**WHAT THE TASK REQUIRES**. The line holding "Getaria Upgrade 2.4GHZ" is the last one to output; start at the first line of the data, keep every line in between exactly, and leave out pictures.

**GIVEN ENTRIES**.

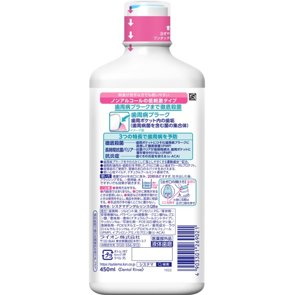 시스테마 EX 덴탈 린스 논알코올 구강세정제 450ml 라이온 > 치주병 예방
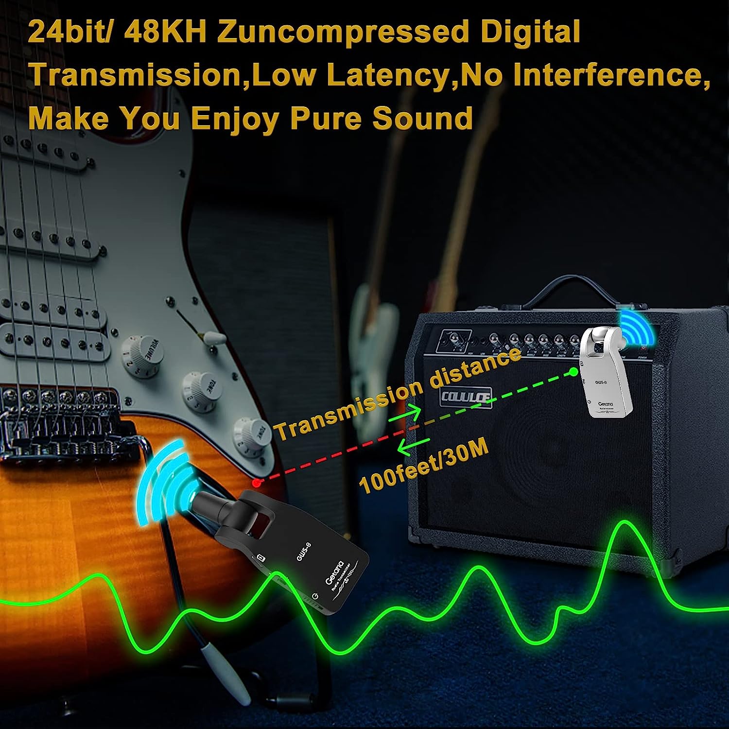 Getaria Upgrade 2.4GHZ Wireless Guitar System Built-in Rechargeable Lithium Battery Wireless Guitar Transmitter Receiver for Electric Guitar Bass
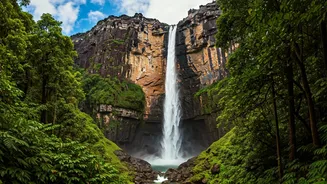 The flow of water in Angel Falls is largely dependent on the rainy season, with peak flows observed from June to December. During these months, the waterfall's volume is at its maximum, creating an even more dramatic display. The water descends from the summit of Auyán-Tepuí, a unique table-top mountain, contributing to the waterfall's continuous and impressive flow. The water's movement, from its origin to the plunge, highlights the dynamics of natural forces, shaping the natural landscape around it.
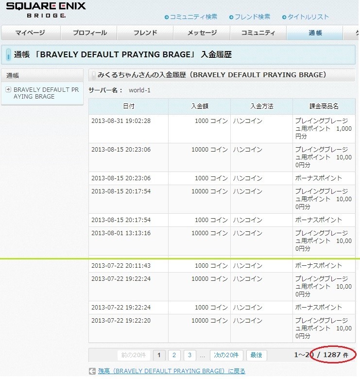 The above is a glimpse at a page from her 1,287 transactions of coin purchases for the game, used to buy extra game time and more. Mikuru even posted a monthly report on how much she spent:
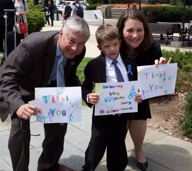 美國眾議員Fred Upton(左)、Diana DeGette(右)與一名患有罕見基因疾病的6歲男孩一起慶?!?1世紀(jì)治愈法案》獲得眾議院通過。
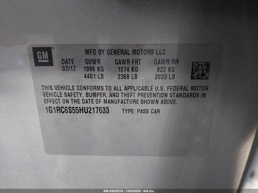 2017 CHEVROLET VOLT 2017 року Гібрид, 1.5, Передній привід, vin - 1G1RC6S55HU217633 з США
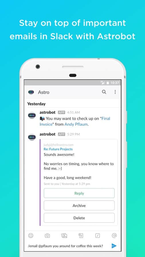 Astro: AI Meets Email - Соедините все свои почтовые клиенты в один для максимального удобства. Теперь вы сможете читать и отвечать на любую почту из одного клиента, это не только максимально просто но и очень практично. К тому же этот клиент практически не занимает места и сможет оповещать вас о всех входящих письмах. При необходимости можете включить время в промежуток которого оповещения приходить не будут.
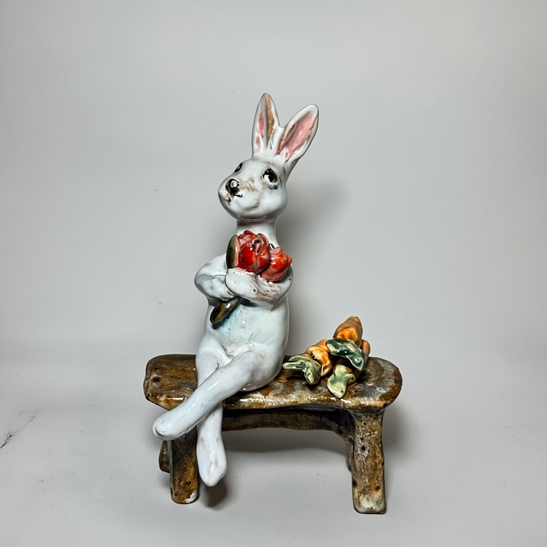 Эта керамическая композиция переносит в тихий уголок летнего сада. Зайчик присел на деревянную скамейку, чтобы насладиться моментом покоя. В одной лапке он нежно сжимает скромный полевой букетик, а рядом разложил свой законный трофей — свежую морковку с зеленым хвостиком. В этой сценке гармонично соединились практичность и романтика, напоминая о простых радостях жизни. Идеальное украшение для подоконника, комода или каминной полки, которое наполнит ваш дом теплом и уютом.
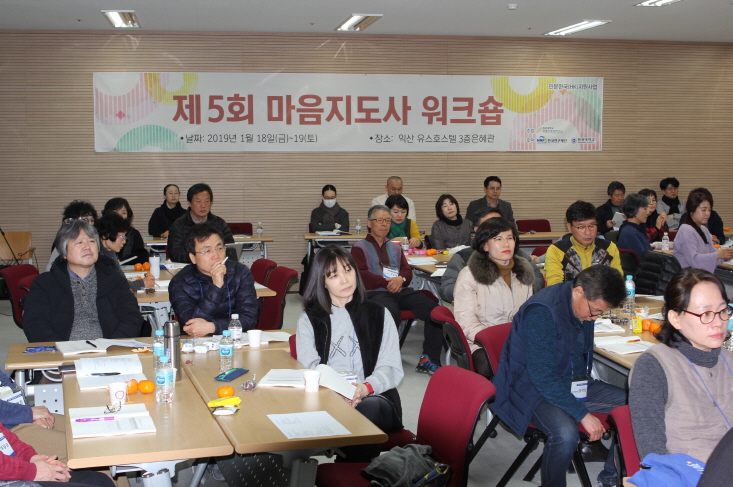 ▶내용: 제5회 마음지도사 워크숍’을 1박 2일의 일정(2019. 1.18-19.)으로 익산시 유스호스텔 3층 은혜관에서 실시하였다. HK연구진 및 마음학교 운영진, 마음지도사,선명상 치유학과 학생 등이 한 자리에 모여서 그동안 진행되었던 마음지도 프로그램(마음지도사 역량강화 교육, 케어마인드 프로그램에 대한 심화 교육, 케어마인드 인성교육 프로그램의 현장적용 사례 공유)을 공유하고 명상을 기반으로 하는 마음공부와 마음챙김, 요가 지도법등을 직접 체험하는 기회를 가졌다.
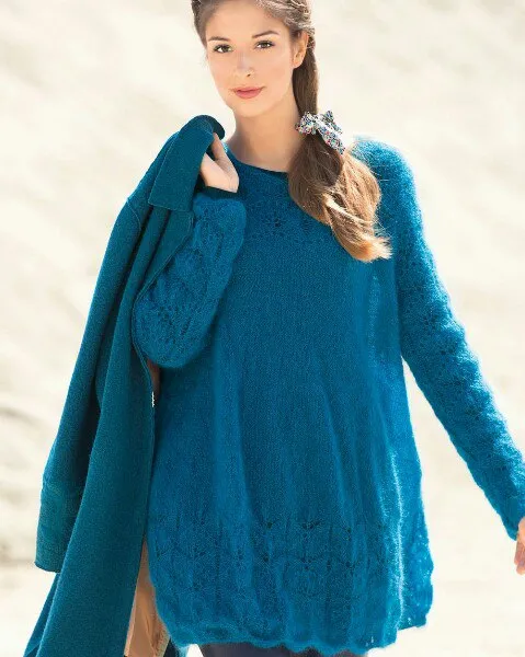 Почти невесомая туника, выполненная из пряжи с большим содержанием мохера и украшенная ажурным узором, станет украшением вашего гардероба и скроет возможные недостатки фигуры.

**RESPONSE**.
 시스테마 EX 덴탈 린스 논알코올 구강세정제 450ml 라이온 > 치주병 예방
 Getaria Upgrade 2.4GHZ Wireless Guitar System Built-in Rechargeable Lithium Battery Wireless Guitar Transmitter Receiver for Electric Guitar Bass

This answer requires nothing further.